Support for Sqlite and PostgreSQL in MailerQ
We have added support for PostgreSQL and Sqlite to MailerQ, as alternatives for MySQL that was already supported. And by doing so, we learned something about the differences between those different engines.
But let me explain why MailerQ needs a database connection in the first place. As you probably know, we have created MailerQ with high delivery performance in mind. And because of that we only use technologies for their performance capabilities: RabbitMQ because it is very good at message queueing, and Couchbase because it is a very fast and reliable key value store. And although traditional databases have many advantages and can be very fast too, they do not offer the best thinkable solution when it comes down to speed. So why do we use it then?
A traditional database is a very good tool for storing data in a well structured manner, and to look up specific data based on certain fields. And because traditional databases are already in use for such a long time, there is support for it in almost every thinkable programming language. And that is exactly why we use a database in MailerQ: to lookup the configuration, and to keep track of statistics so that other programs can easily access that data too. For tasks that require high performance (loading and storing messages) we rely on other technologies, but for statistics and configuration settings we use a database to make this information easily accessible.
But even although we only use the database for non-critical tasks, we still did our best to keep the performance penalty for using a database as small as possible. To prevent that database queries form a bottleneck, MailerQ runs all queries in a non-blocking asynchronous way. This means that when a query is being executed, MailerQ still continues its other duties - it does for example not stop any SMTP communication while a query is running. And besides that, all query results are cached in memory, so that queries do not need to be executed too often. In most cases the required data is already loaded in memory and no query needs to be started. Update operations and insert operations are grouped so that a single query can update many counters at once. This reduces the number of necessary queries even further.
Originally we only supported MySQL databases. And although we did already use a database abstraction layer for running queries on this database, it was not so trivial to add support for the other database engines as the theory makes you believe. The theory says that by using a database abstraction layer, you can simply switch engines, and that it is up to the abstraction layer to deal with this. But it turned out that we still had to rewrite almost every query to make this work. I will summarize the most important changes we made to the queries.

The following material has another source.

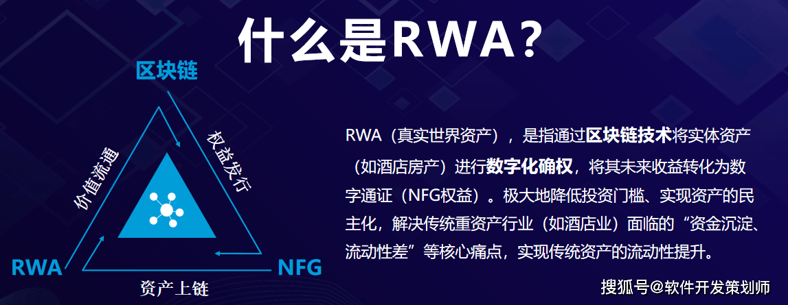 RWA,即“真实世界资产”(Real World Assets)的缩写,指的是将现实世界中的有形资产(如房地产、酒店、基础设施)或无形资产(如应收账款、收益权)通过区块链等数字化技术进行“代币化”处理,使其能够在数字平台上进行纷割、交易和流通。

MailerQ automatically creates its own tables by running "create table" and "alter table" queries. This means that when you start up MailerQ you do not have to worry about setting up the database yourself, because this is automatically taken care of by MailerQ. But the "create table" queries that were in use for MySQL turned out not to compatible with Sqlite and PostgreSQL. There were a couple problems with it: PostgreSQL and Sqlite do not support the same type names as MySQL, and the indexes are created in a different manner. PostgreSQL does for example not recognize "binary" as type, but uses "bytea" instead. And MySQL supports creating indexes as part of the "create table" statement, while Sqlite requires a seperate query for this. Further more, in MySQL the name of an index only needs to be unique for the table (two different tables can both have an index with the same name). And specific features like 'auto_increment' are slighly different between the engines too.
That is why we have chosen to create special "create table" queries for all different engines. But that did not come as a surprise, because the data definition languages for all database engines are known to have many differences. The regular "select", "insert" and "update" queries on the other hand are supposed to be standardized SQL and should thus be supported by all engines. Those types of queries have been rewritten in such a way that the same query can be used for accessing all different engines. For almost all queries that we already used we had to do some rewriting because we were using specific MySQL features.
MailerQ stores IPv6 addresses in binary format in the database to keep the column size small. In MySQL there is no difference between escaping/quoting binary data and non-binary data, but for PostgreSQL and Sqlite this does make a difference. We had to change the "insert" and "update" queries to explicitly specify that certain fields contain binary data and need to be escaped differently.
Inside "select" queries we sometimes used the MySQL specific date_format() function. This function is not available in the other engines and we had to rewrite the query to ensure that it uses a different formatting function for the other engines, with other parameters.
MailerQ used "insert into ... on duplicate key" queries for updating the statistics. This is a specific MySQL feature that allowed us to use a single query to either insert a new record into the statistics table, or update an existing one if the record already exists. But this feature is not standardized and thus not supported by other engines. We had to rewrite this single query in a seperate "insert" and a seperate "update" query. And we had to check the result of the initial "insert" query to find out if a second "update" query is necessary, a task that was not trivial for asynchronous queries.
But we have managed to make these changes. It will now probably also be easier to add other database engines too, as we have simplified all our queries so much that only the most common features from SQL are used.
Now that three different engines are supported, the question for the best engine of the three is automatically raised. Well, Sqlite is by far the simplest engine to set up. You only need to set the location of a database file in the MailerQ config file - and you're ready to go. The file does not even have to exist, MailerQ will automatically create it if it is missing. But at the same time, Sqlite is also the slowest engine to use, and it is not possible to access a Sqlite database from scripts that run on different servers. Therefore, if you already have a database server running - either MySQL or PostgreSQL, we advise to use one of those two engines.